PROBLEM STATEMENT:
Starting at the line containing "The guest house" and ending at the line containing "对期中考试反思对期中考试反思", transcribe the listing below exactly. Keep both end lines, skip the pictures, and copy nothing else.

[[ RECORDS SHOWN open ]]

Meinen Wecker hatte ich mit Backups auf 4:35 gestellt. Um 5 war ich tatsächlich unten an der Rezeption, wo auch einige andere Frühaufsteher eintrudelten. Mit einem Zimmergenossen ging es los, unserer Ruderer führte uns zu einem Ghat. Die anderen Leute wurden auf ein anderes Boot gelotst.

[[ RECORDS SHOWN closed ]]
[[ RECORDS SHOWN open ]]

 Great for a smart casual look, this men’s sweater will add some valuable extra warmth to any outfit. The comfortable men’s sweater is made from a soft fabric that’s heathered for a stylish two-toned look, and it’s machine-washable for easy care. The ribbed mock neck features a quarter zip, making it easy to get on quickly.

[[ RECORDS SHOWN closed ]]
[[ RECORDS SHOWN open ]]

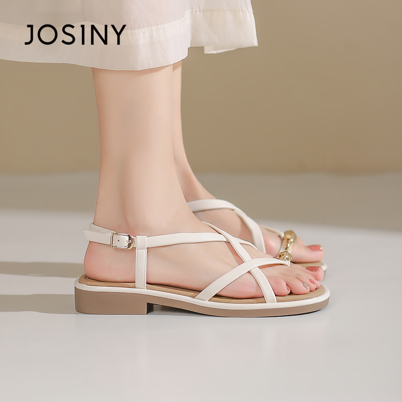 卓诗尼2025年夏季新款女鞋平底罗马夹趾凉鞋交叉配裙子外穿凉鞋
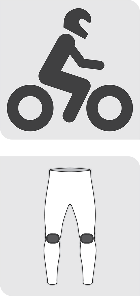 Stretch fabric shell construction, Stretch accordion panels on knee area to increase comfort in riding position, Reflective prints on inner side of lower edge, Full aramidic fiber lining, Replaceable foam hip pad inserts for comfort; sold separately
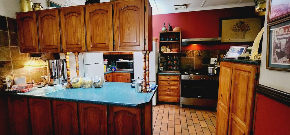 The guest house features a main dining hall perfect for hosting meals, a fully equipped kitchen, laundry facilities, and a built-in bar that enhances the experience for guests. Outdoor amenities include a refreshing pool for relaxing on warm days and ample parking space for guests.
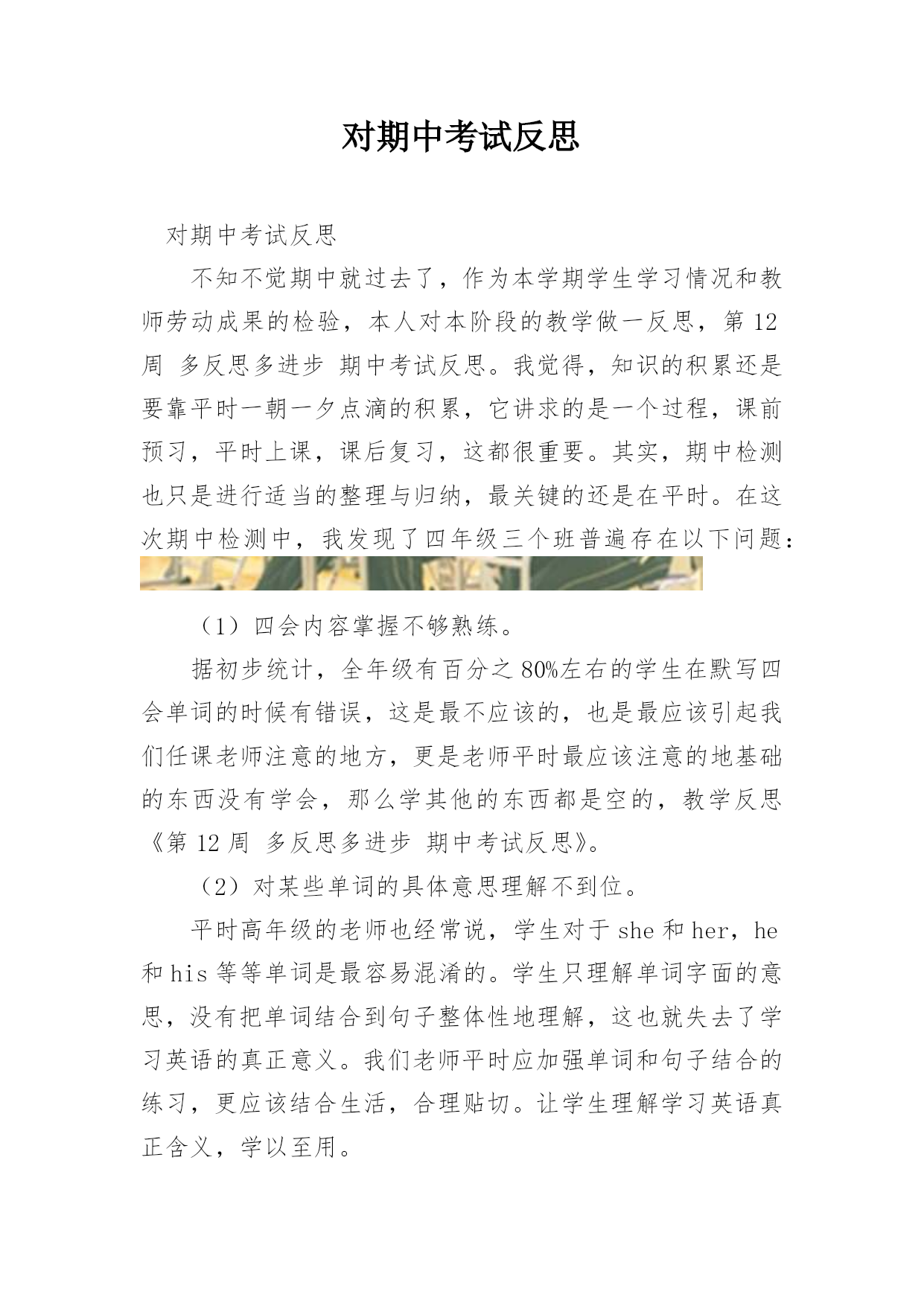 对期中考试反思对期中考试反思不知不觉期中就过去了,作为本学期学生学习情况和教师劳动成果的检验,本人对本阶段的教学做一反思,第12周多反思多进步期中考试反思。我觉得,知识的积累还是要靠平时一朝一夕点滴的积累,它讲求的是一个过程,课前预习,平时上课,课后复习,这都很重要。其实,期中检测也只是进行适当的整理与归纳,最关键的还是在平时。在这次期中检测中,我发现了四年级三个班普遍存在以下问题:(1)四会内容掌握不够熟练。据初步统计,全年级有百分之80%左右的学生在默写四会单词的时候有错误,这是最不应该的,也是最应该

[[ RECORDS SHOWN closed ]]

SOLUTION FOR THIS PROBLEM:
 The guest house features a main dining hall perfect for hosting meals, a fully equipped kitchen, laundry facilities, and a built-in bar that enhances the experience for guests. Outdoor amenities include a refreshing pool for relaxing on warm days and ample parking space for guests.
 对期中考试反思对期中考试反思不知不觉期中就过去了,作为本学期学生学习情况和教师劳动成果的检验,本人对本阶段的教学做一反思,第12周多反思多进步期中考试反思。我觉得,知识的积累还是要靠平时一朝一夕点滴的积累,它讲求的是一个过程,课前预习,平时上课,课后复习,这都很重要。其实,期中检测也只是进行适当的整理与归纳,最关键的还是在平时。在这次期中检测中,我发现了四年级三个班普遍存在以下问题:(1)四会内容掌握不够熟练。据初步统计,全年级有百分之80%左右的学生在默写四会单词的时候有错误,这是最不应该的,也是最应该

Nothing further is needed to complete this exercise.